Should we use the PU numbering or the physical numbering? Must we put only the first thread of each core? With PU numbering and first thread only, should the configuration be:

NodeName=r14i6n0 Name=gpu File=/dev/nvidia[0-1] Cores=0,2,4,6,8,10,12,14,16,18,20,22,24,26,28,30,32,34,36,38
NodeName=r14i6n0 Name=gpu File=/dev/nvidia[2-3] Cores=40,42,44,46,48,50,52,54,56,58,60,62,64,66,68,70,72,74,76,78


(In reply to Marcin Stolarek from comment #3)
> There is a logic in cons_tres spreading job across sockets required by
> GPU(GRES) devices allocated to job. This logic tries to acomplish two things:
> 1) Allocate CPUs on the socket closest to allocated GRES.
> 2) Spread the job across sockets if we have to use more sockets(for instance
> because of currently running jobs and there was no request to
> enforce-binding) and not all GRES used - to allow other jobs running on the
> closest socket, potentially using the remaning GRES.
> 
> In your configuration (gres.conf) doesn't have closest socket (Cores=
> option) so all sockets are marked as required and the job gets spreaded
> across required sockets.
> 
> If you'll change the config to:
> >NodeName=r14i6n0 Name=gpu File=/dev/nvidia[0-1] Cores=0-19
> >NodeName=r14i6n0 Name=gpu File=/dev/nvidia[2-3] Cores=20-39
> 
> You should get all CPUs on the same socket. Is there any reason why you
> decided to skip Cores in gres.conf?
> I'll have to look closer into the code to understand if this should be
> treated as a bug or documented as cons_tres specific behavior in rigards to
> -m application to job allocation.
> 
> cheers,
> Marcin

Comment 5 Marcin Stolarek 2020-10-22 02:02:10 MDT

> we are a little bit confused about the values to put when using hyperthreading.
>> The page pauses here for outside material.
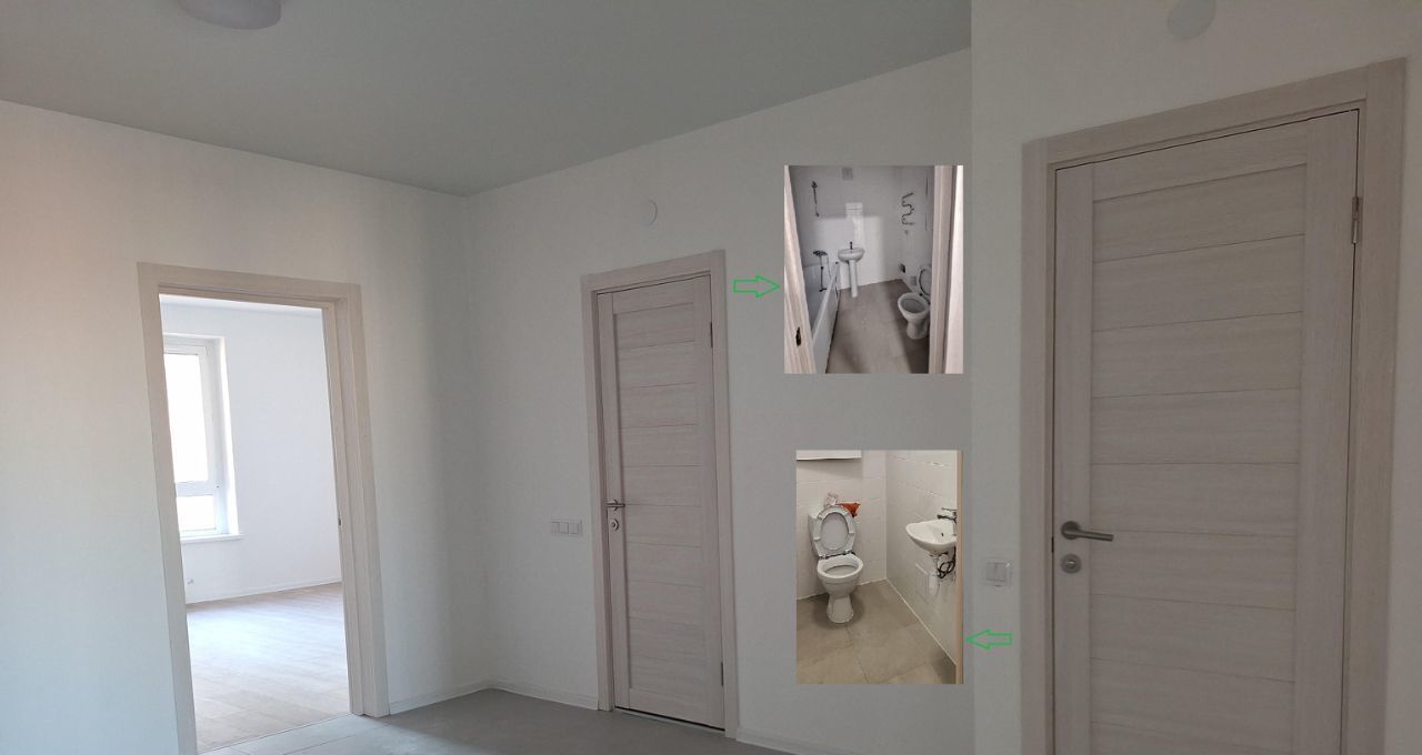 Улучшенная отделка от застройщика: ламинат, плитка в прихожей и мокрых зонах, обои под покраску, сантехника установлена, на кухне фартук - плитка, есть электрическая плита.

We're aware that it's not a obvious part of slurm configuration. Slurm 20.11 comes with slightly improved code handling it, but the main thing is that Cores= is expected to be a list of Cores on the closes socket number by *abstract Slurm IDs* not physicial core numbering.

Let me share an updated version of the NOTE we're working on in an internal ticket for docs improvement:
>NOTE: Since Slurm must be able to perform resource management on heterogeneous 
>clusters having various processing unit numbering schemes, a logical core index 
>must be specified instead of the physical core index.   That  logical  core  
>index might  not  correspond to your physical core index number.  Core 0 will be 
>the first core on the first socket, while core 1 will be the second core on the 
>first socket.  This numbering coincides with the logical core number (Core L#) 
>seen in "lstopo -l" command output.

That's why I used Cores 0-19 (for 1st socket/package) and Cores=20-39 for the second one.

Let me know if it's more clear now.

cheers,
Marcin

Comment 6 IDRIS System Team 2020-10-22 04:30:26 MDT

Ok! Just to be sure: does it apply to v20.02 too?

(In reply to Marcin Stolarek from comment #5)
> > we are a little bit confused about the values to put when using hyperthreading.
> 
> We're aware that it's not a obvious part of slurm configuration. Slurm 20.11
> comes with slightly improved code handling it, but the main thing is that
> Cores= is expected to be a list of Cores on the closes socket number by
> *abstract Slurm IDs* not physicial core numbering.
> 
> Let me share an updated version of the NOTE we're working on in an internal
> ticket for docs improvement:
> >NOTE: Since Slurm must be able to perform resource management on heterogeneous 
> >clusters having various processing unit numbering schemes, a logical core index 
> >must be specified instead of the physical core index.   That  logical  core  
> >index might  not  correspond to your physical core index number.  Core 0 will be 
> >the first core on the first socket, while core 1 will be the second core on the 
> >first socket.  This numbering coincides with the logical core number (Core L#) 
> >seen in "lstopo -l" command output.
> 
> That's why I used Cores 0-19 (for 1st socket/package) and Cores=20-39 for
> the second one.
> 
> Let me know if it's more clear now.
> 
> cheers,
> Marcin

Comment 7 Marcin Stolarek 2020-10-22 04:53:54 MDT

>Ok! Just to be sure: does it apply to v20.02 too?
Yes - it was always like that, however, in 20.02 --gpu-bind=closest doesn't work correctly in certain situations specifically when lstopo core id's are not in sequence - for instance odd cores on one socket and even cores on another one.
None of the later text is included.